The open source Apache Hadoop framework is philosophically aligned with the transparency we expect from good government. At Hortonworks we offer one year support contracts, so we know that every year is an election year for our customers. We work hard to earn that vote by supporting HDP in production and innovating Hadoop to better enable public agencies to meet their mandates.

The following is a list of some of ways public sector customers use Hadoop.

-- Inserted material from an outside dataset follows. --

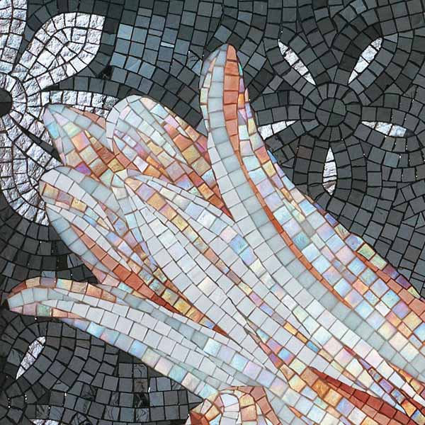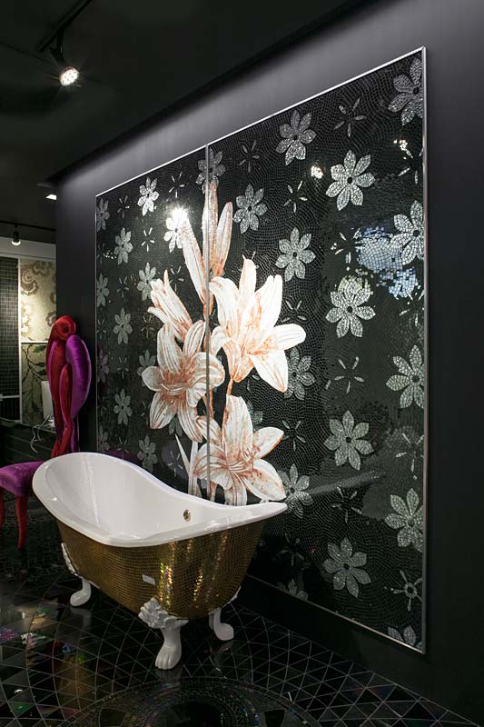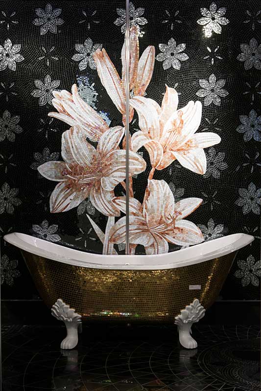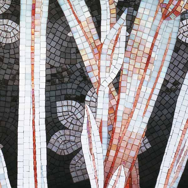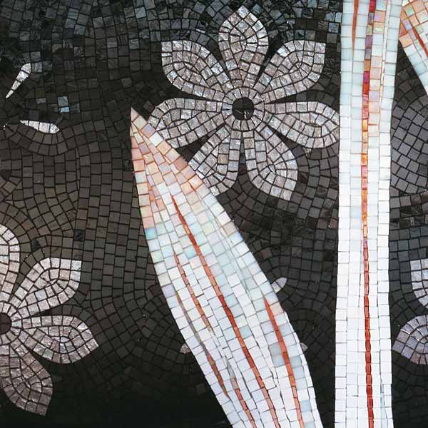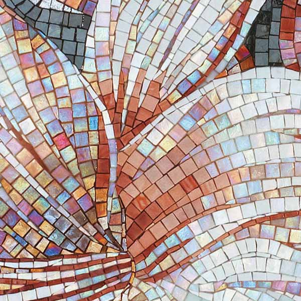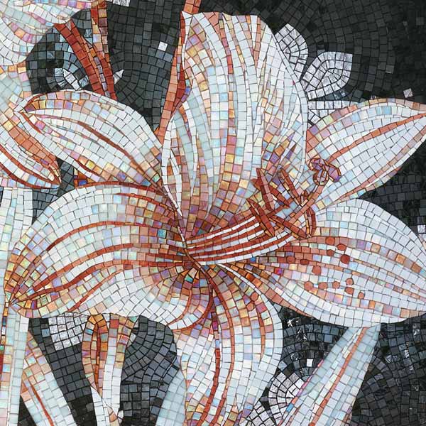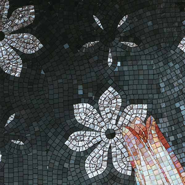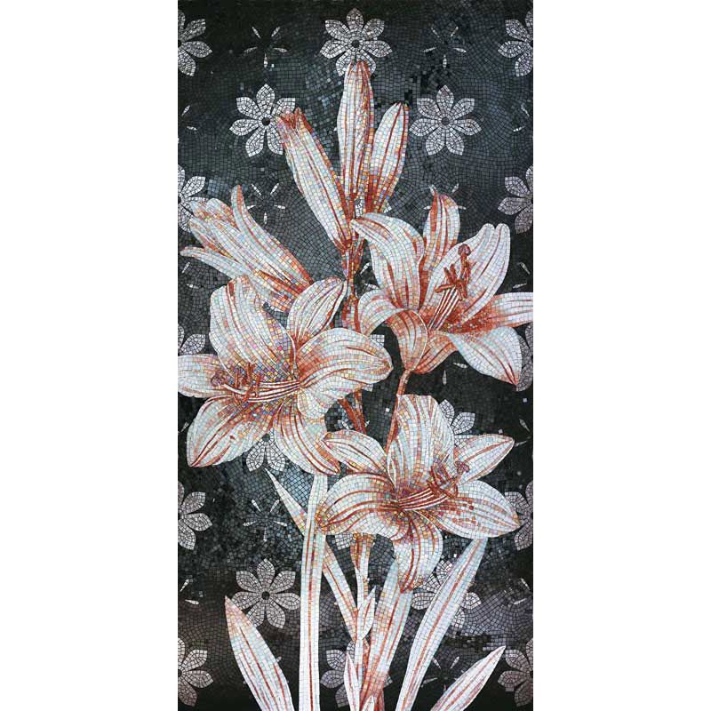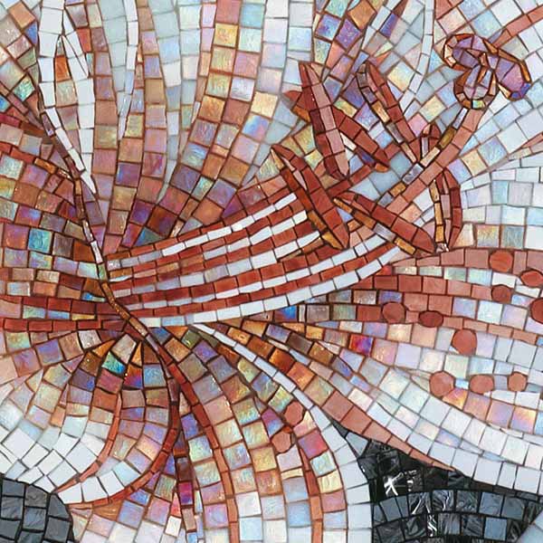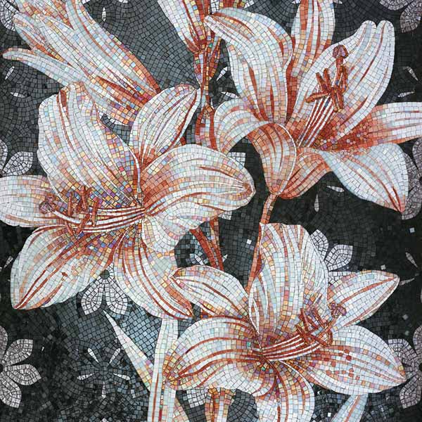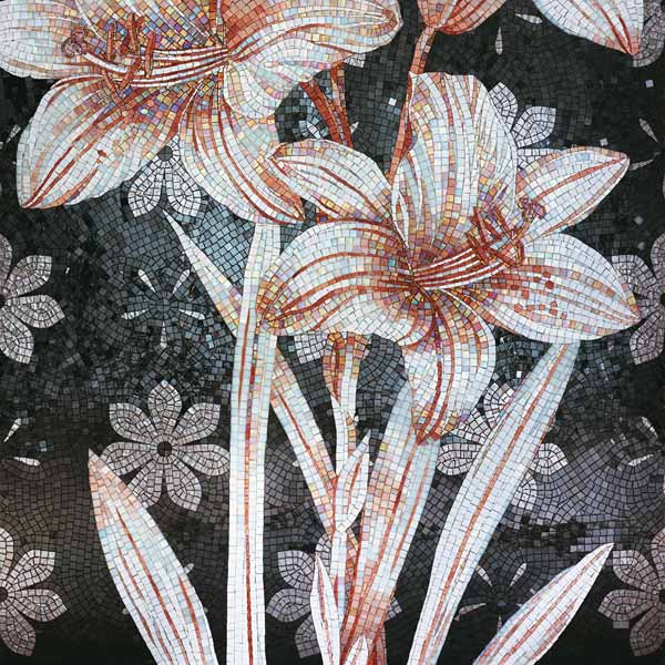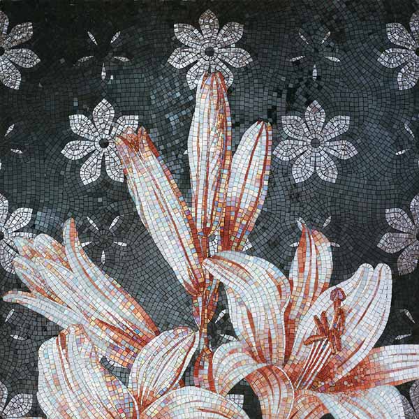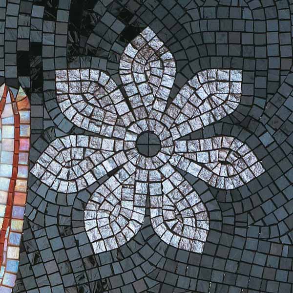 イタリア、ラヴェンナのモザイク職人が、すべてモザイクのハンドワークによって描いた美しい花々です。べネツィアンガラスの鮮やかな色彩によって表現された花たちは、透明感のある煌びやかさをもっています。熟練した職人が絵柄に合わせ、ベネツィアンモザイクを1枚1枚手割りして繊細に描いたモザイクアートです。
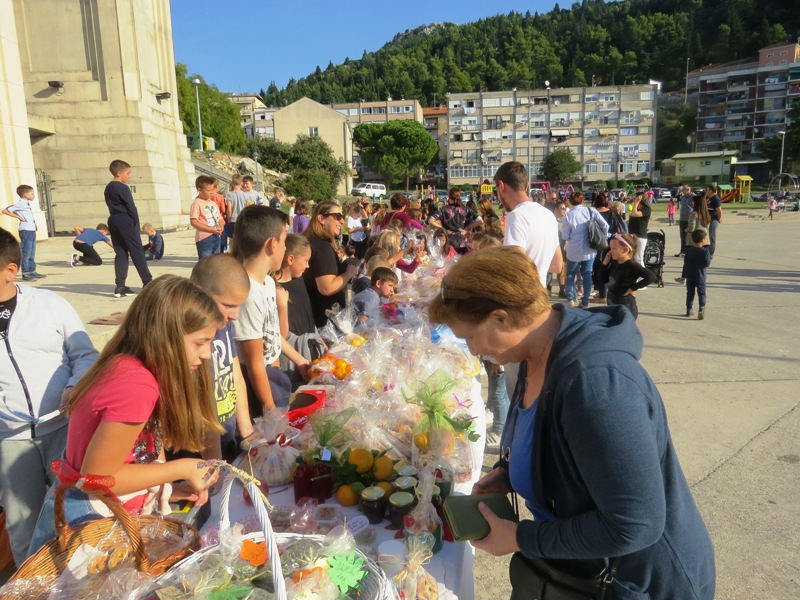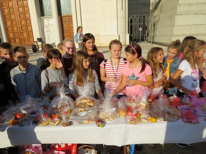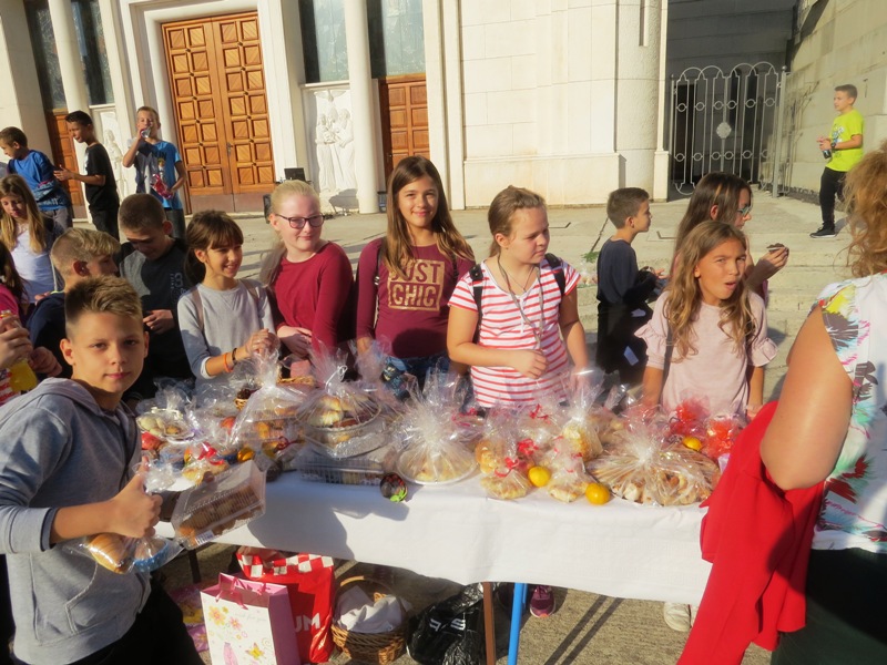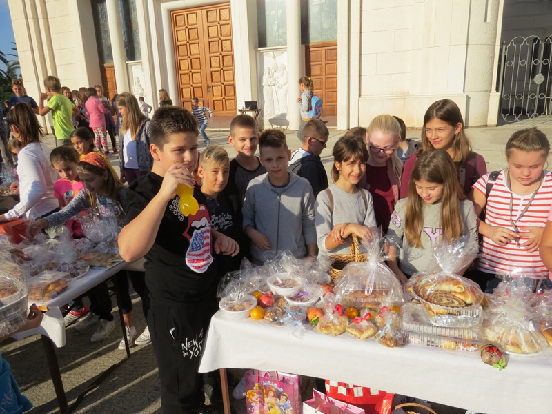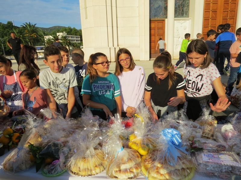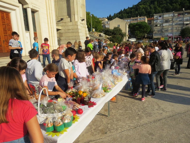 Naši vrijedni učenici uz pomoć svojih učiteljica i učitelja ukrasili svoje stolove domaćim kolačima, pecivima, voćem i marmeladama, a naš domaćin Don Ante Antunović je uz molitvu zazvao blagoslov na sve darove koje su djeca izložila.

Use Machine and Sensor Data to Proactively Maintain Public Infrastructure

Metro Transit of St. Louis (MTL) operates the public transportation system for the St. Louis metropolitan region. Hortonworks Data Platform helps MTL meet their mission by storing and analyzing IoT data from the city’s Smart Buses, which helped the agency cut average cost per mile driven by its buses from $0.92 to $0.43. It achieved that cost reduction while simultaneously doubling the annual miles driven per bus.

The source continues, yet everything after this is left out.